I can get pretty distracted when I'm getting ready to bake. This is how these hand pies were developed:
I'm gonna bake! What should I bake? Something with apples, it's fall. But it's 90 degrees so straight up apple is weird. Maybe berries? What kind of berries? I wish strawberries were in season I want strawberry shortcake. Blackberries? Blackberry apple pie. With lattice crust! No, with crumb topping! Wait, what if I made individual cupcake-sized pies? with crumb topping? No, with little hearts on top! Wait, what if I made hand pies? Wait, what if I made a "pie" with sugar cookie dough? Oh man. Do I have time to do all 5 of these? No...ok, call Katie.
And so the hand pies were decided upon. Sometimes I need reigning in. (I'm totally going to do that sugar cookie dough thing soon, though, so keep your eyes peeled.)
These pies were awesome.

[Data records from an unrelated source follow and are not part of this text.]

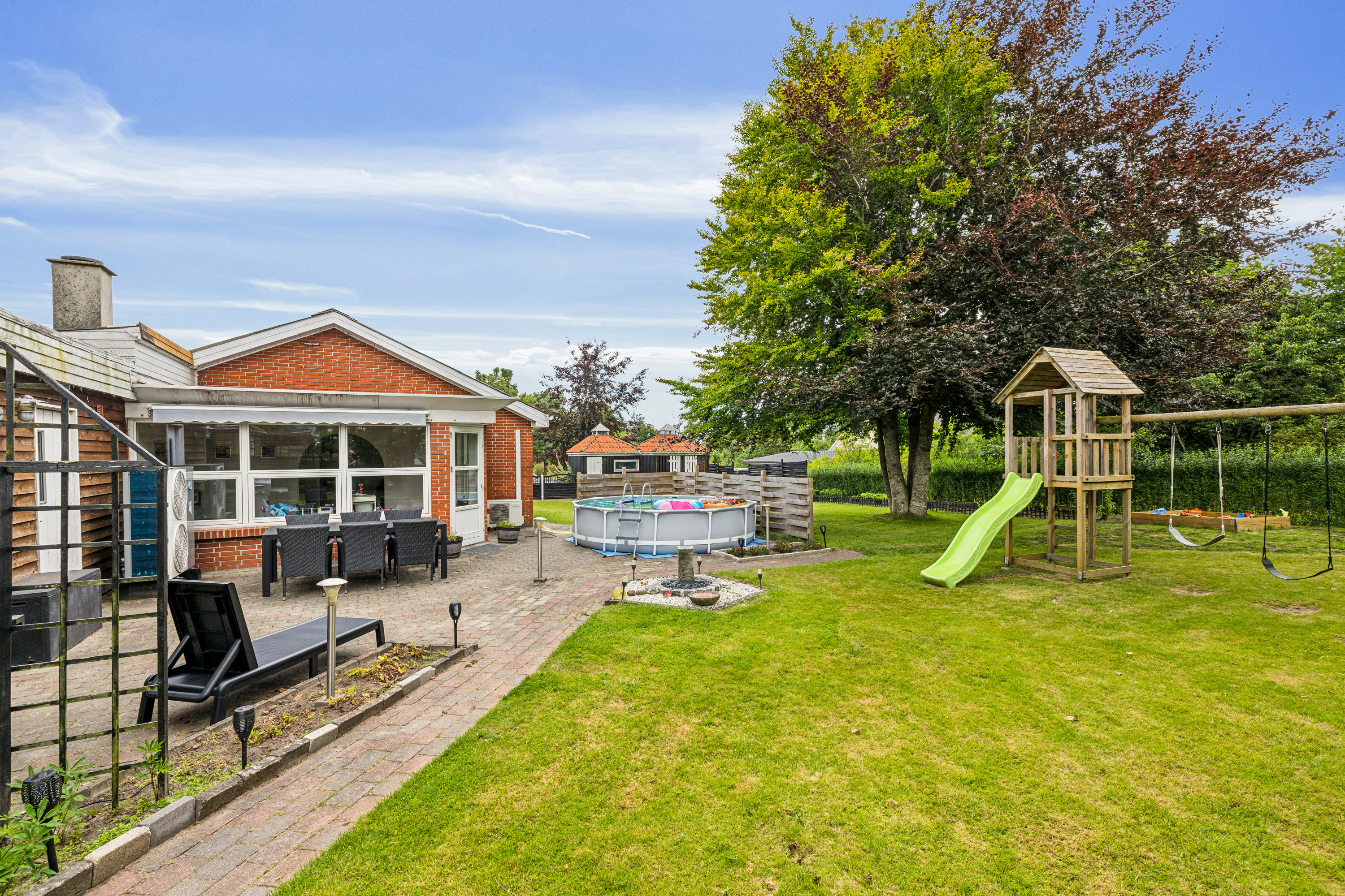 Grunden er på hele 1.046 m² og anlagt primært med græs og stemningsfulde træer, hvilket giver rig mulighed for leg, boldspil og haveprojekter. Der er desuden flere udhuse og skure, som giver fine opbevaringsmuligheder til haveredskaber, cykler eller hobbyprojekter.
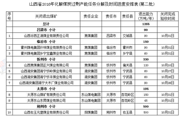 山西省煤炭工業廳發布公告稱,根據2016年山西第二批化解煤炭過剩產能任務分解及時間進度安排,山西將再關閉10座煤礦,退出煤炭產能1265萬噸/年。此前,山西第一批已安排關閉15座煤礦,退出煤炭產能1060萬噸/年。
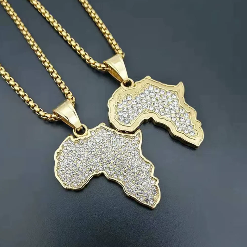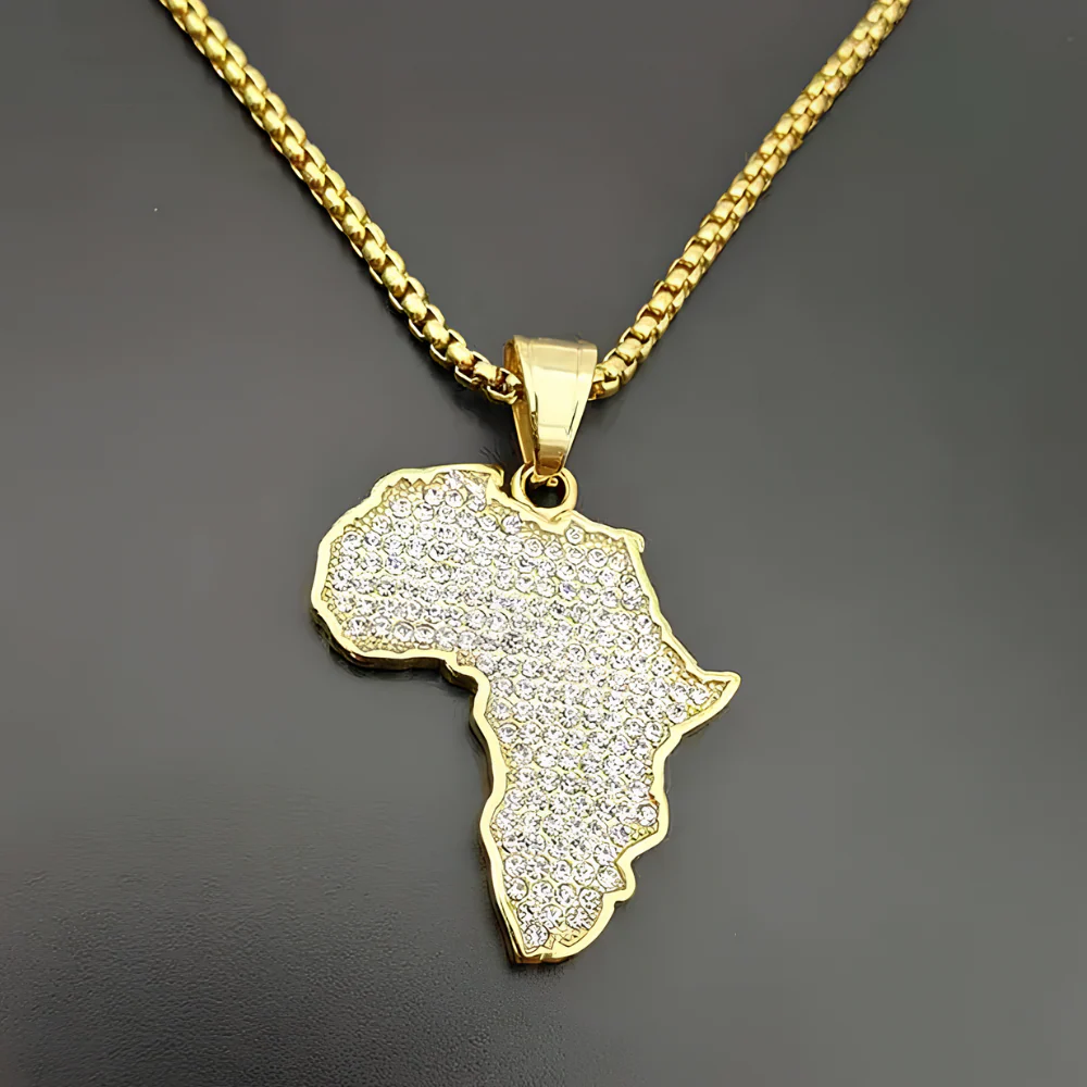 - Pendentif : Carte de l’Afrique, décorée de petits strass pour une touche glamour.
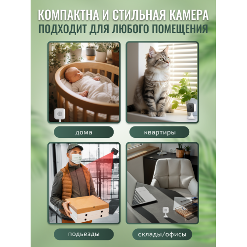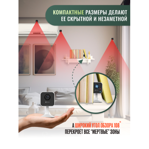 2 МП Внутренняя Wi-Fi камера c ИК-подсветкой до 12 м. 1/3'' Матрица CMOS; объектив 2.8 мм.; угол обзора: 108° (по диагонали), 91° (по горизонтали), 50° (по вертикали); ИК-фильтр; 0.5лк @F2.2; DWDR, 3D DNR; встроенный микрофон и динамик; обнаружение движения; поддержка microSD до 512 ГБ; -10°C ...+45°C; 3 Вт макс.

They hit the spot, ushering in fall with some fresh honeycrisp apples, with a nod to our warm weather streak in the blackberries and lemon juice. They were also very cute, so that's a plus. I hope you enjoy them as much as I did!
Apple Blackberry Hand Pies
makes 4
1 batch pie crust
2 honeycrisp apples
2 pints blackberries
juice of 1 lemon
2/3 c sugar
1 egg
Preheat oven to 375 degrees. Peel, core, and chop apples. Combine apples and blackberries in a medium mixing bowl; if the berries are large, cut them in half. Stir in lemon juice and sugar; set aside. Beat the egg and set aside.
Bake pies on a baking sheet for 30-40 minutes or until crusts are golden brown. Let cool slightly before eating.